Parlour guitars are suited for children and smaller individuals as they are often shorter than classical guitars. However, they are also popular with the bluegrass and folk players as they are easier to carry around. They also use steel strings and can have quite a loud sound for their size. Slightly larger parlours are sometimes called “concert” size.


This body style became the gold standard and was labelled “dreadnought” at the time because it was so much larger than other guitars on the market. When the body has more of a waist (two tighter curves inward) it is called an “auditorium”.


The Jumbo is also a style of Dreadnought and can also come in Super Jumbo. As the name implies it is big and can really have quite a stage presence, that is, if you can hold one!

12-string guitars are also often flat-top styles and generally on the larger size to create the chorus effect and resonance. And flat tops are sometimes turned on their side and played like lap steels. Flat tops really have a lot of shapes and varieties to choose from.


These have similar builds to flat-tops but instead, the soundboard is curved. This will make the guitar more expensive as more work is required. These guitar styles have a violin look and are very popular in old country and modern jazz. 

Arch-top guitars often have f-holes, and many players wonder if these change the overall sound. The guitar’s tone is more about the shape and the space for the resonance to escape. So while f-holes are nice they aren’t that big of a factor in the final tone, it has just become the style, aesthetically speaking. 

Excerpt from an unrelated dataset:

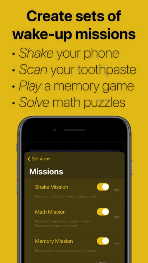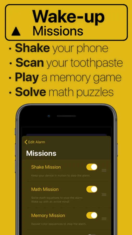 Completing wake-up missions shuts off the alarm and leaves you fully awake and alert. They stimulate the higher functions of your brain and they're fun too!

These are also like flat tops, except the body or just the top is made of metal. Often a metal resonator cone is placed around the sound hole to give the guitar way more projection and twang. The National Dobro’s are some of the most famous resonator guitar bodies.

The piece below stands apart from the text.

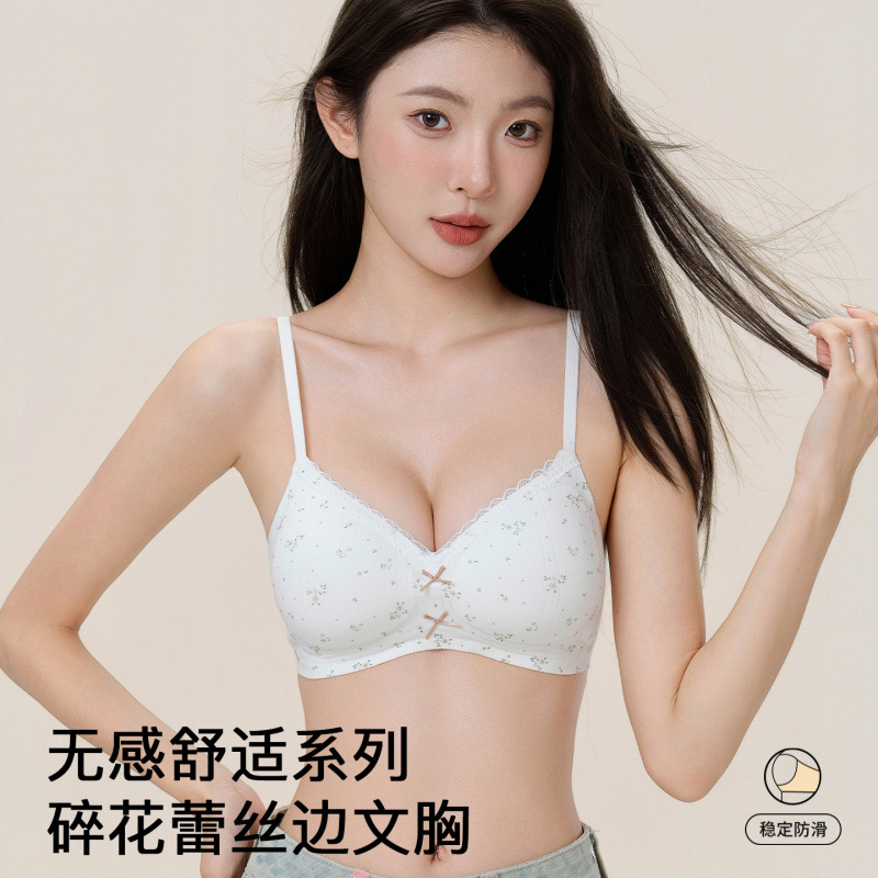 甜美蕾丝边碎花内衣女小胸聚拢显大无钢圈收副乳薄款文胸罩8107

Acoustic-Electric Guitar Body Types

The reason guitar bodies kept getting bigger or used metal resonating cones was to compete with the other instruments on stage. With big band orchestras or mandolins and banjos is it hard for the guitar to be heard. Technology came to the rescue with electronic amplification solving these sound issues.

Pickups were created to change the vibrations into a signal and are often placed in all styles of acoustic guitars. In fact these days it is very common to buy an acoustic with pickups in it. But in the early days, there were a lot of experiments on what worked best.

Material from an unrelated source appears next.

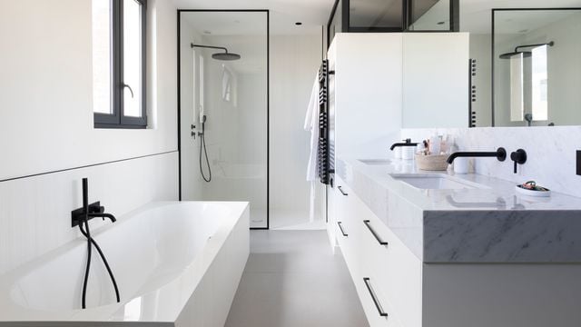 En suivant cette idée, les décisions à prendre sur les matériaux sont primordiales. "Il y a des choix à faire pour équilibrer le prix !, conseille Mély Areia. Sur la faïence, par exemple, selon les carreaux choisis, la pose est plus ou moins technique. Certains produits vont s'installer plus rapidement et plus facilement. À noter que plus la pose est rapide, moins elle est coûteuse. Les panneaux muraux vont demander moins de temps et donc moins de main d'oeuvre, tout en pouvant se poser directement sur les carreaux, sans dépose. Ce sont des solutions qui peuventfaire baisser le budget." Comme un équilibre à trouver, le projet demande une réflexion en amont. Hélène Paoli préconise ainsi de prévoir une seule grande vasque au lieu d'en installer deux petites qui nécessitent deux réseaux de plomberie, deux vasques, deux mitigeurs, etc. Avec un budget serré, on peut aussi s'amuser avec des carreaux blancs 10 x 10 cm et imaginer une pose en diagonale. En somme, se faire plaisir en détournant un produit simple et peu coûteux ! Privilégier certains matériaux durables est néanmoins intéressant pour conserver longtemps une salle de bains en bon état. Une baignoire en fonte ou des sanitaires en céramique, le prix n'est pas toujours plus élevé mais la qualité pérenne.

The brand Ovation not only started adding pickups to their guitars but they also invented a cool hybrid body. The top is often solid wood, and the back is a curved carbon fiber mold, which gives the brand a unique sound (and look, of course). 

With acoustic-electric hybrids, you can get the best of both worlds, but there are some issues. Hollow guitar bodies, like mics, have a better chance of feedback. That was solved with the advent of the solid-body guitar.

Electric Guitar Body Types

For the most part the sound in the electric guitar will be taken care of by the electronics. The wood, the shape, and the parts might not matter as much if they are of quality material. But that doesn’t mean the body has no importance.


One of the most famous solid bodies is the original Les Paul-created Gibson guitar, and with other later models like the SG, Flying V, Explorer, and more. And the famous rivalry with Leo Fender led to the other super popular solid body with the Stratocaster, Telecaster, and Jazzmaster. 

Now other companies have joined the list like Ibanez, PRS, Schecter, Guild, Dean and many more. Most of these different solid body styles are for aesthetics as the final tone has so many other factors. The neck shape of an electric guitar is also more important than the body. 

Buying a solid body electric will be a different decision-making process than an acoustic body above. You will need to dive deeper into how to get the final guitar tone you are going for. 

Semi-Hollow and Hollow Body

The amplified archtop guitars and the similar semi-hollow styles are very common in jazz, blues, and rockabilly. Their mix of resonance and amplification are well suited to those genres. Many of the companies already mentioned make these but the Gretsch hollow bodies are some of the most well-known.

These guitars are expensive, and you must consider the acoustic body build, size, and electrical parts! So be sure to do a lot of research when purchasing an electric semi-hollow or hollow body.


Depending on your musical interests you will likely gravitate towards the guitar body type that is suited for you. Which is fine, just be sure to buy quality materials. Solid wood is always better than laminate and pay close attention to the other acoustic and electrical components, if so you will find yourself a great guitar!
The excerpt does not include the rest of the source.